What is the monotonic reduction interval of f x x 1 x, x 0 ? Let s talk about the steps

Hehe, this is a classic question, a must-have brain before the college entrance examination

I have learned to seek guidance before the college entrance examination, so it is beneficial to get in touch with it a little ahead.

Since a function is a subtraction function in the interval where the derivative is less than 0, it is good to find the derivative of the function.

Abbreviated as "derivation"].

Solution: Derivative f(x)=x+1 x,(x 0) on both sides at the same time to obtain.

f'(x) = 1 - (1 x 2) because f'(x) < 0, 1 x 2>1, and x 2<1, that is, 0<=x<1, and because x>0, so 0 In summary, the monotonic reduction interval of f(x)=x+1 x(x 0) is (0,1).

This is a math problem in the first year of high school, and I forgot what a single interval is.

Upstairs there's a derivative, advanced mathematics.

If you want to kill him, why don't you come out with the whole calculus.

This is called a tick function.

Find the two vertices (1,2) (-1,-2).

On (0,1) is a subtraction function.

I don't have the conditions to draw an image, sorry.

Repair! How to find the vertex!

Let x=1 x, find two x, bring in, find two y's are vertices.

In this comparison of typical problems, you need to know the steps of doing a monotonous problem of functions, one is to define the domain, the second is parity, and the third is to do it; My steps are as follows: The definition is that x is not equal to 0, and it is an odd function, so only consider the case where x is greater than 0, and the following can be done in a variety of ways, one is the definition method, and the other is to find the derivative.

Let's do it by yourself below.

Provide the mind to learn by yourself

Huh

Order f'(x)=x,f"(x) = 1 x, the intersection of the two is (1,1), so the monotonic reduction interval is [0,1].

Derivation. f'（x）＝3x²-3

Reel 3x -3 0

Solve -1 x 1

Therefore, the monotonic reduction interval is [-1,+1].

f(x)=log3(1-x)+[1 (x-1)] The domain of the function log3(1-x) is: (-1) function y=log3(1-x) can be split into: y=log3(t) (monotonically increasing) t=1-x (monotonically decreasing) so the first half of the function log3(1-x) in f(x) is a single-plex digging modulation function, and the second half of the function infiltrating ridge nucleus 1 (x-1) is the third field nucleus centered at point (1,0).
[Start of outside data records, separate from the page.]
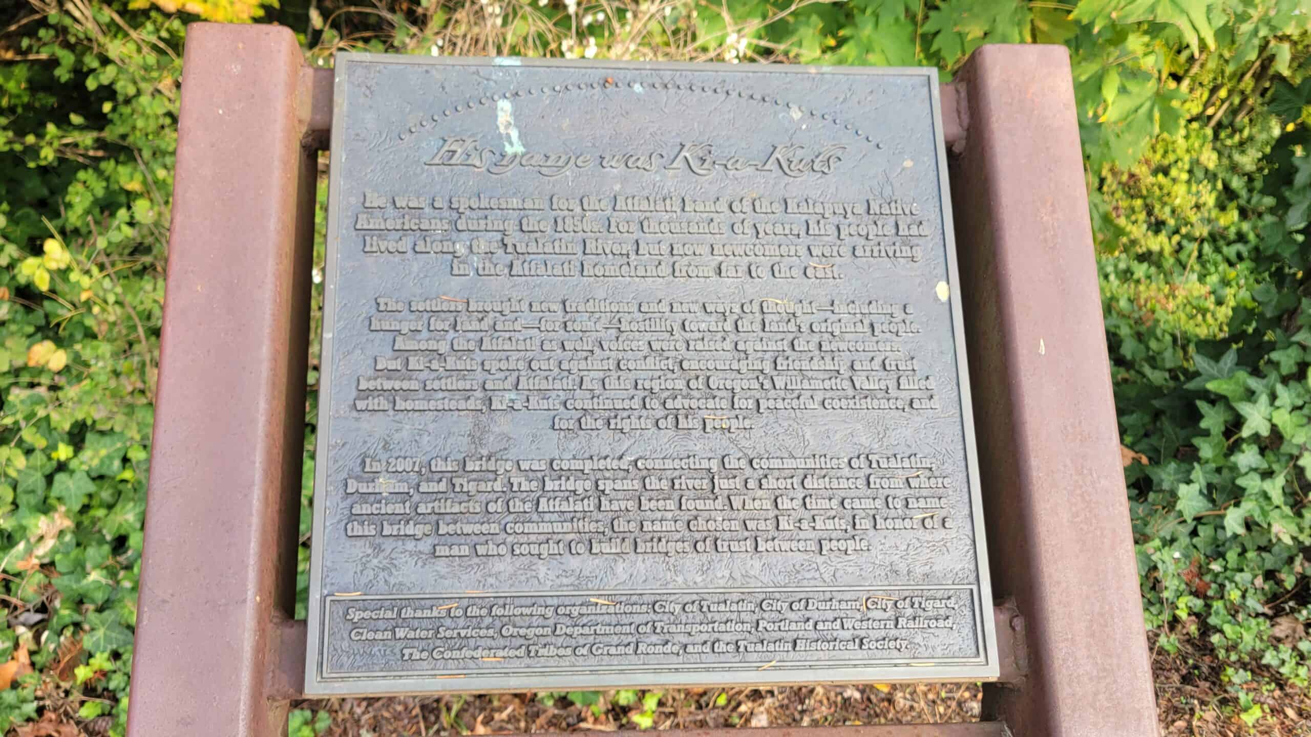 The Ki-a-Kuts pedestrian bridge takes the Tualatin River Greenway Trail over the Tualatin River. The bridge in named in honor Chief Ki-a-Kuts who led the local Atfalati tribe during the 1850s. Click here for more information.
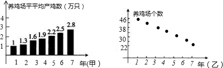 甲、乙两人连续7年调查某县养鸡业的情况,分别提供的信息如下图所示:可得到的正确判断是( )![]()
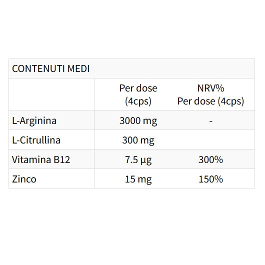 Ingredienti principali: Arginina, Citrullina, Inulina, Zinco, Vitamina B12

When x 0, f(x)=x 2-2x-1=(x-1) 2-2 image is a parabolic arc on the right side of the y-axis with x=1 as the axis of symmetry and the opening facing upwards f(-x)=x 2-|-x|-1=f(x), f(x) is an even function, the image is symmetrical about the y-axis, and the image on the right side of the y-axis can be combined with the image along the y-axis, and the monotonically decreasing interval of f(x) is obtained.

y=1/3x³+x²-8x

y'=x +2x-8=(x+4)(x-2)let y'=0, x=2 or x=-4

When x<-4 or x>2, y'>0 and y is the increment function.

When -4 therefore the increase interval for y is (-4) and (2,+ the decrease interval is [-4,2].

y=1/(1-x)

From the denominator is not 0,1-x≠0,x≠1, the domain of the function is defined as.

When x (1), as x increases, 1-x decreases, 1 (1-x) increases, and (1) is the increasing interval of the function y;

In the same way, (1, is also the increasing interval of the function y, therefore, the function y has no decreasing interval.

The domain of the f(x)=log3(1-x)+[1 (x-1)] function log3(1-x) is as follows: (-1) function y=log3(1-x) can be split into the following

y=log3(t) (monotonically incremented).

t=1-x (monotonically minus).

So the first half of the perturbation function log3(1-x) in f(x) is a monotonic subtraction function, and the second half function 1 (x-1) is a hyperbola centered in the third quadrant at point (1,0), which is also a subtraction function, so.

The original function is subtractive over the entire defined domain;

The monotonous reduction zone blocking judgment is as follows: (-1) Jane Li Gai.

Answer: f(x)=|x²-1|+x

1) When x -1 < = 0 i.e. -1 < = x < = 1:

f(x)=1-x +x=-(x-1 2) +5 4 The monotonically decreasing interval is [1 2,1].

2) When x -1 > = 0, i.e. x < = -1 or x > = 1:

f(x)=x -1+x=(x+1 2) -5 4 The monotonically decreasing interval is (- 1].

In summary, f(x)=|x²-1|The monotonically decreasing interval of +x is [1 2,1] or (- 1).